DOI: 10.3390/app16136423 ISSN: 2076-3417

Dynamic Closed-Loop Steering for Adaptive and Geometry-Preserving System-2 Reasoning

Deyu Meng, Tongchuan Xia, Yuanxin Cai

Large language models (LLMs) are undergoing a paradigm shift from fast generation to deliberate System-2 reasoning, where scaling test-time compute is critical for unlocking complex reasoning capabilities. Yet, more computation does not guarantee better reasoning: under unconstrained test-time scaling, models frequently fall into “overthinking” traps, repeatedly elaborating on incorrect trajectories while wasting token budgets. We propose Dynamic Closed-Loop Steering, a training-free framework that treats reasoning as a monitored control process rather than a static decoding run. The framework follows a sense–decide–act design: lightweight latent signals sense trajectory divergence, a feedback regulator determines adaptive intervention timing and intensity, and a geometry-preserving actuation step redirects hidden states while maintaining their norm structure. This design emphasizes adaptive control and macro-level trajectory observability over static hidden-state addition.

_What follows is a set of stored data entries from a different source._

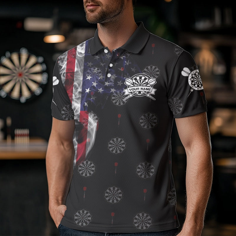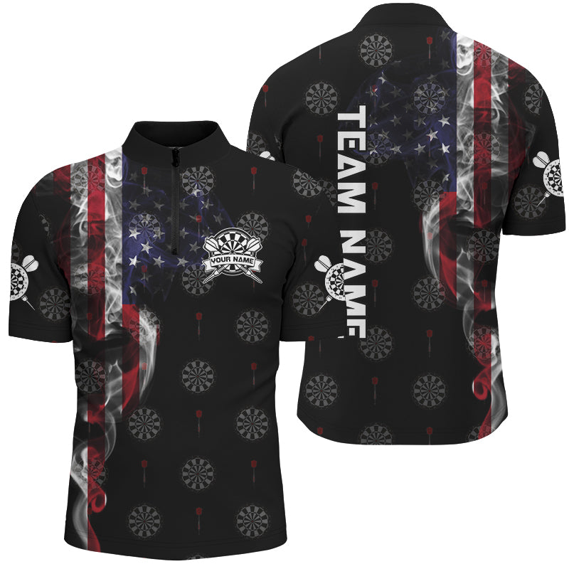 Smoke American Flag Darts Polo, Quarter-Zip Shirt Custom Patriotic Dart Shirts For Men Dart Jerseys TDM2634
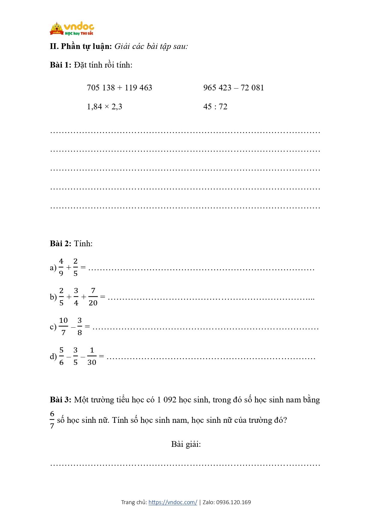 - Tham khảo: BTCT Toán lớp 5 Kết nối tri thức
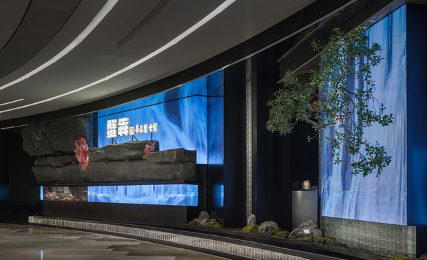 空间意境:踏入这片独特的空间,首先映入眼帘的是高达九米的垂直瀑布,它如同天然而生的壮观画幕,以磅礴之势震撼着每一位来访者的心灵,水元素被赋予了灵动与变化的多重寓意,这瀑布便成为自然力量的最佳诠释者,将其动态之美发挥得淋漓尽致。
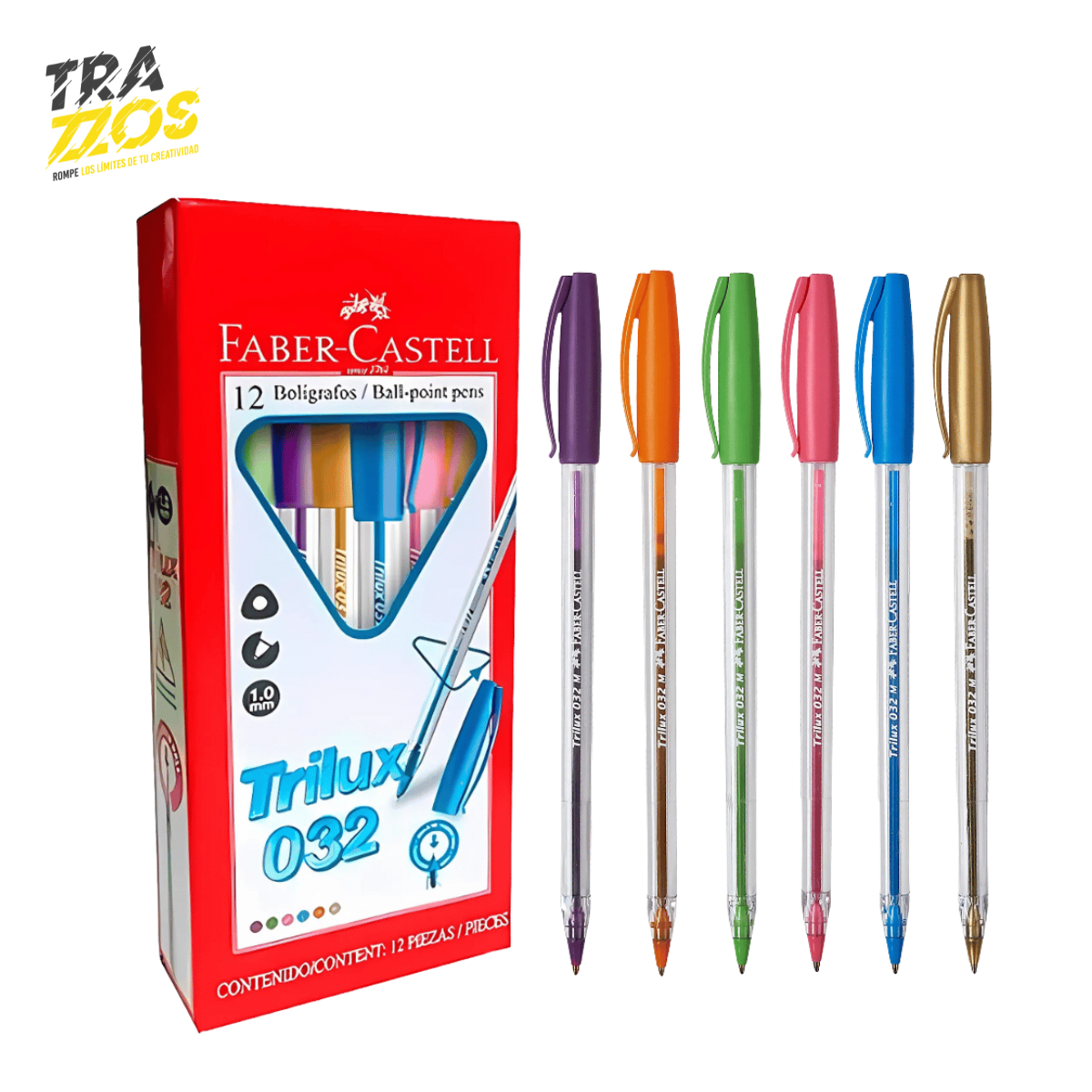 Set de 12 bolígrafos Faber-Castell Trilux 032 con punta de 1.0 mm. Diseño triangular ergonómico para escritura cómoda y fluida.
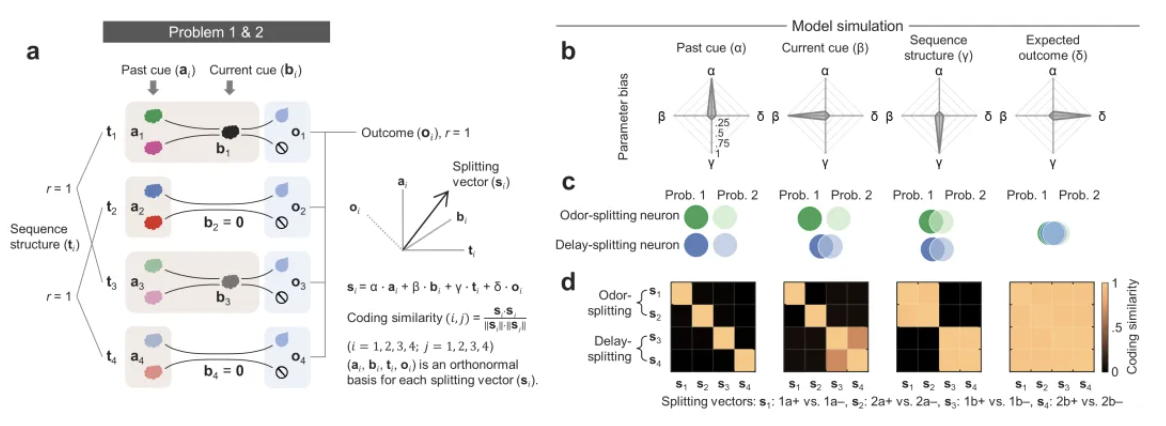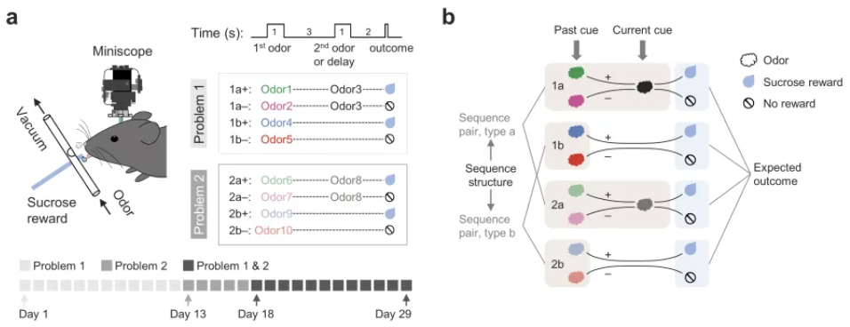 具体来说,该研究训练头部固定小鼠学习四个“嗅觉线索-结果”序列对。每个序列对中的两个序列包含一段共同的经历:相同的气味刺激或者相同的延迟时期——这两种经历定义了两种序列结构(a和b):
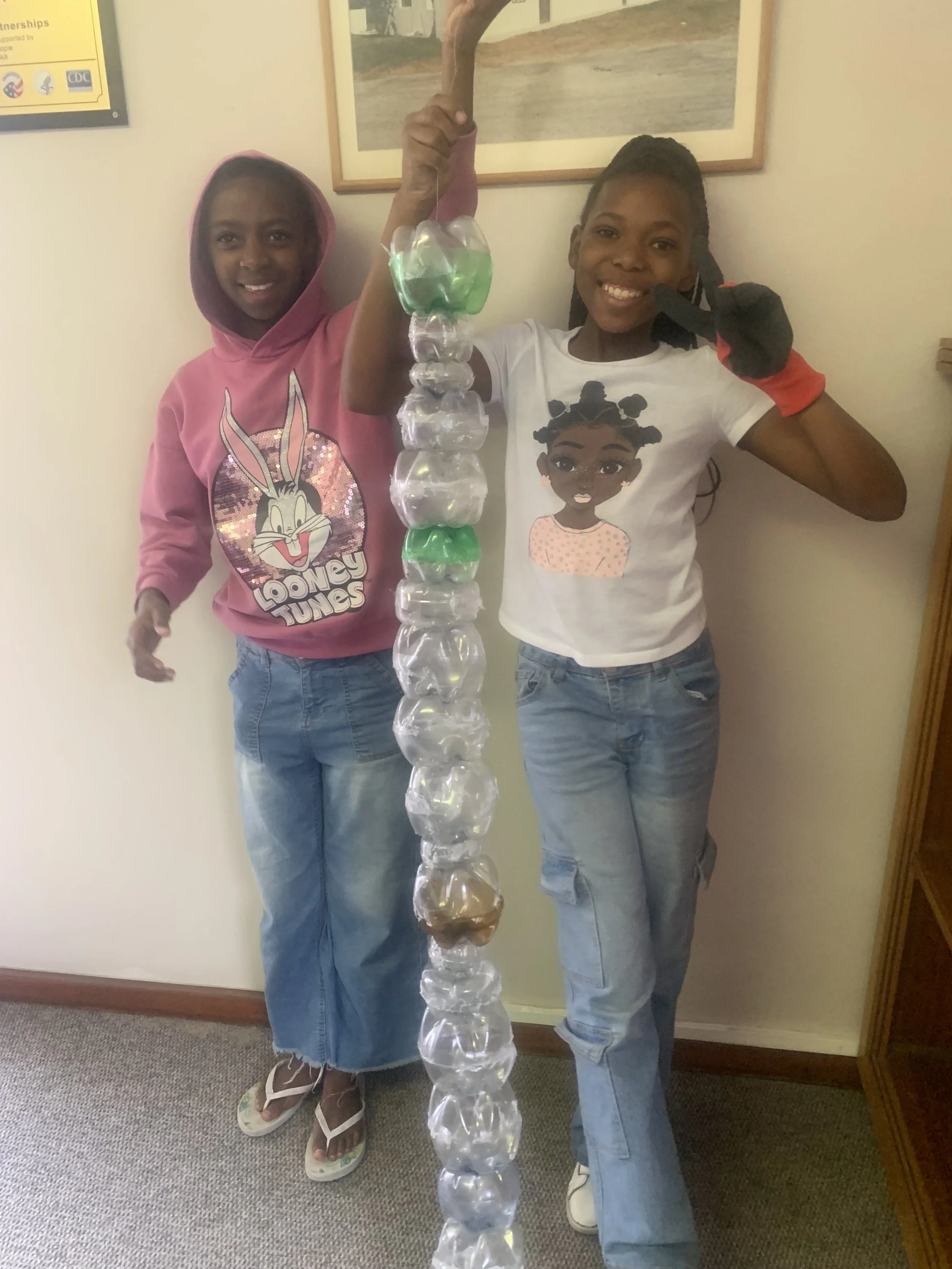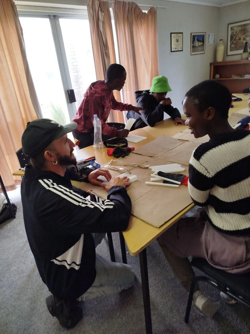 Each session began with a safety briefing, as participants would be working with box cutters and glue guns. Once briefed, the group got to work collecting and sorting plastic bottles—mostly 2-liter cooldrink bottles—gathered from the cleanup. These were then washed, dried, and primed for transformation. Before the crafting began, the design process was explained and illustrated so everyone understood how their efforts would contribute to the final jellyfish installation. From there, the bottles were cut, shaped, and assembled to form the flowing tentacles of the Cosmic Jelly. Some were connected with wire, others fused with heat or glued into place, showcasing how waste could be reimagined as something beautiful, functional, and full of meaning.
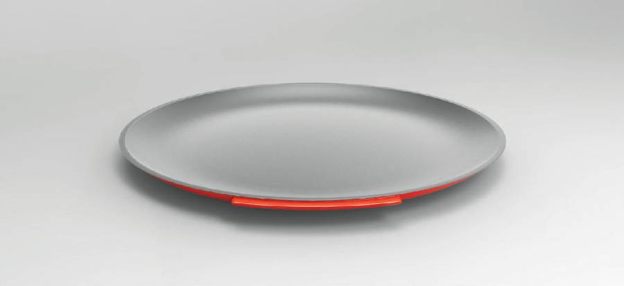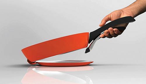 这是一款可分离式煎锅的概念设计。这个巧妙的创意将煎锅分成两个部分,其中的锅底用一个易于分离、又可稳固夹紧的夹子固定在煎锅上。一旦烹饪结束,可以直接把煎锅送到餐桌,只需握紧把手把上半部分去除,美食就留在了底部的煎盘上。
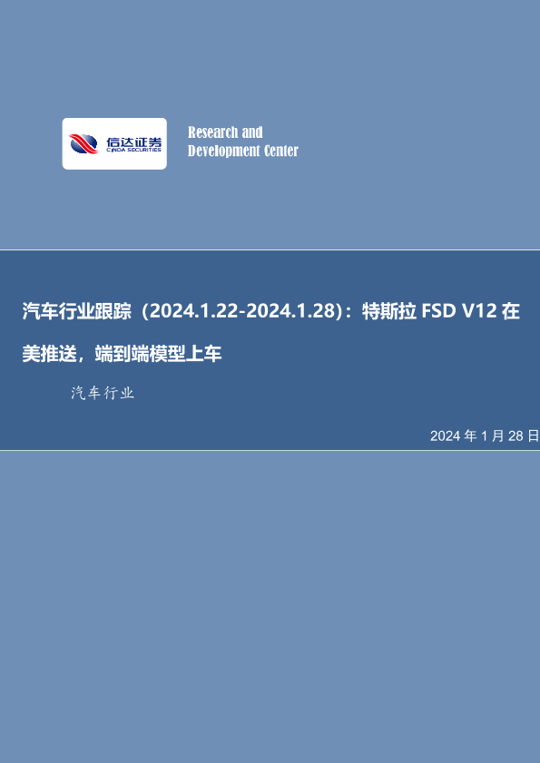 【信达证券】【20240128】汽车行业跟踪:特斯拉FSD V12在美推送,端到端模型上车-24页
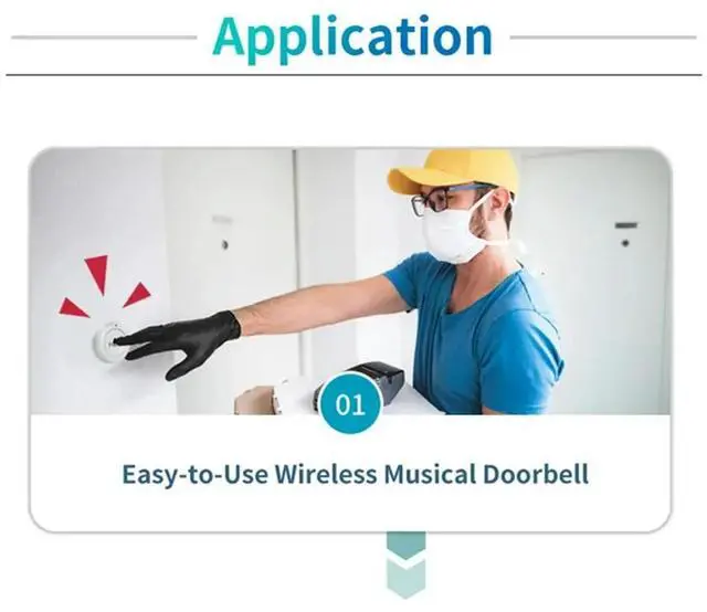 • Wireless Doorbell 433Mhz 150M 30 Music USB Door Bell Receiver Single Remote Control For Emergency Call Out Home School
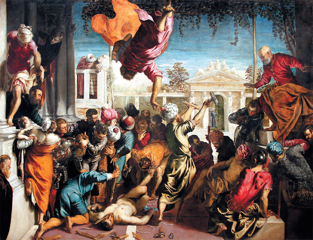 Выразительность форм и насыщенная цветовая гамма из крупных пятен красного и синего создают впечатление чуда, происходящего на глазах у смятенной толпы. Стремительно летящий вниз головой святой Марк в развевающейся алой одежде останавливает казнь несправедливо осужденного.
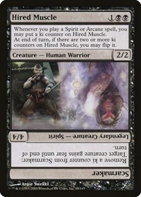 Whenever you play a Spirit or Arcane spell, you may put a ki counter on Hired Muscle.
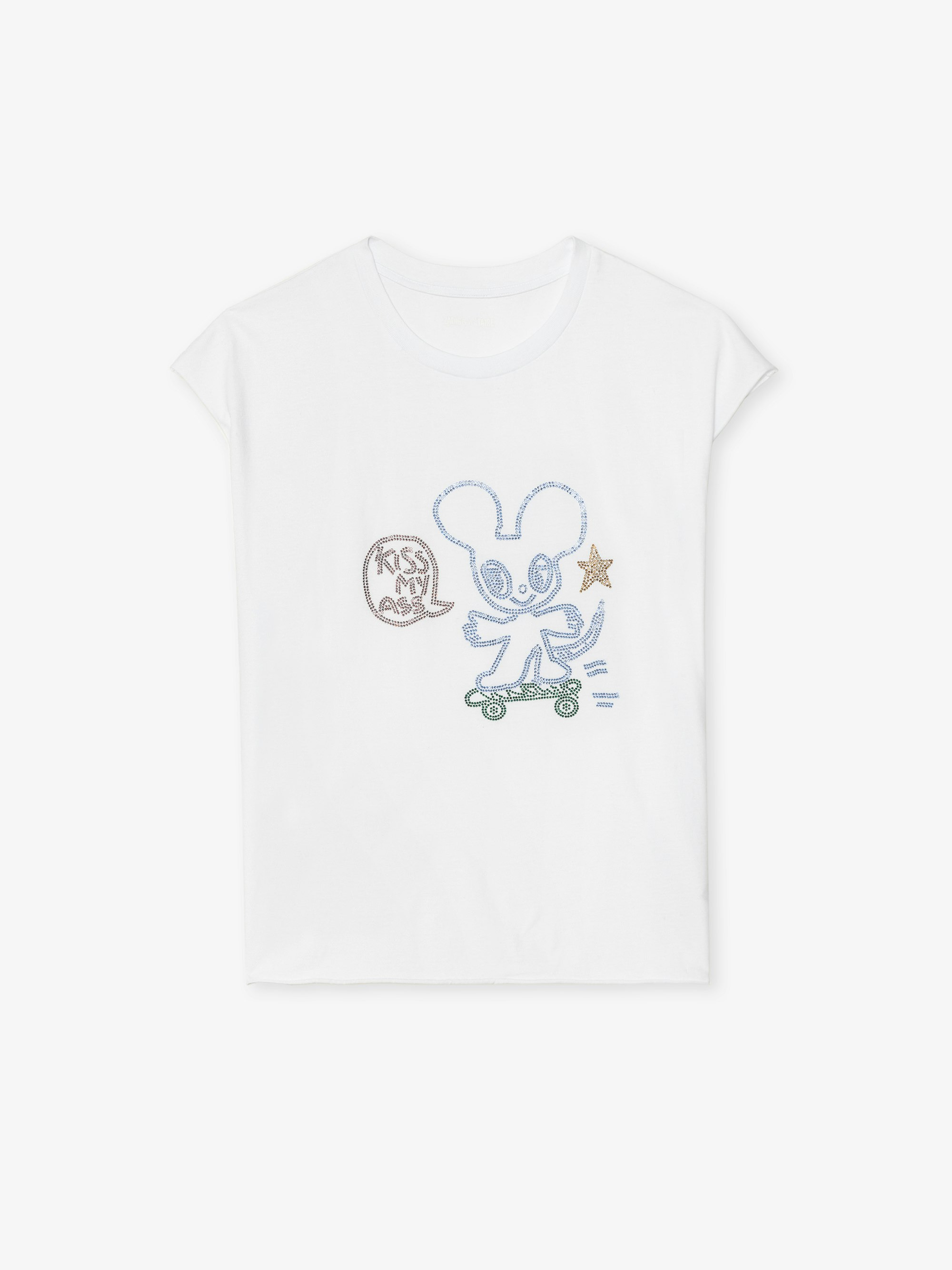 Sleeveless T-shirt with rhinestones on the front. Description & details - Sleeveless tank top in 100% cotton - Rhinestone print on the front - Round neck Model is 180 cm / 5' 10" and is wearing a size S This item fits true to size. Choose your usual size. Composition 100% Cotton* Care - Machine-wash inside out on a 30°C delicate cycle with similar colours - Air dry - Iron inside out at a maximum of 110°C, avoiding any customised details Product code: JWTT01276_WHITE
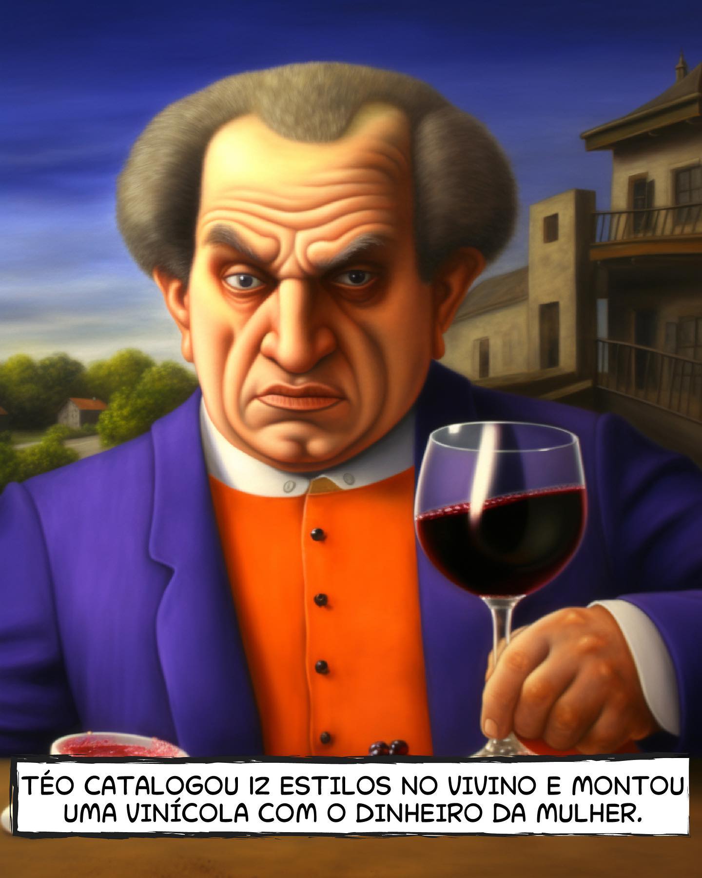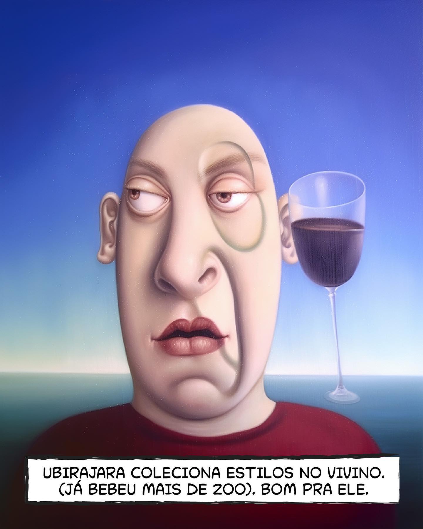 - UBIRAJARA: Homem careca com monóculo distorcido e taça de vinho ao lado da orelha.
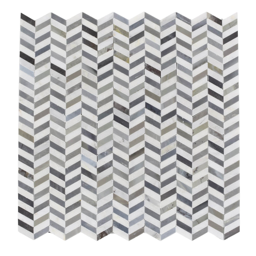 Bardiglio Gray & Carrara Venato Marble Mini Chevron Waterjet Mosaic Tile - TileBuys

Across mathematical and reasoning benchmarks, Dynamic Closed-Loop Steering improves final-answer accuracy while curbing excess token consumption, yielding Pareto-favorable trade-offs across the large majority of evaluated configurations, with graceful degradation near the model’s capability floor. Trajectory analysis confirms the method effectively suppresses repetitive self-justification and accelerates recovery from erroneous episodes. These results establish closed-loop, geometry-preserving intervention as a practical foundation for robust System-2 reasoning.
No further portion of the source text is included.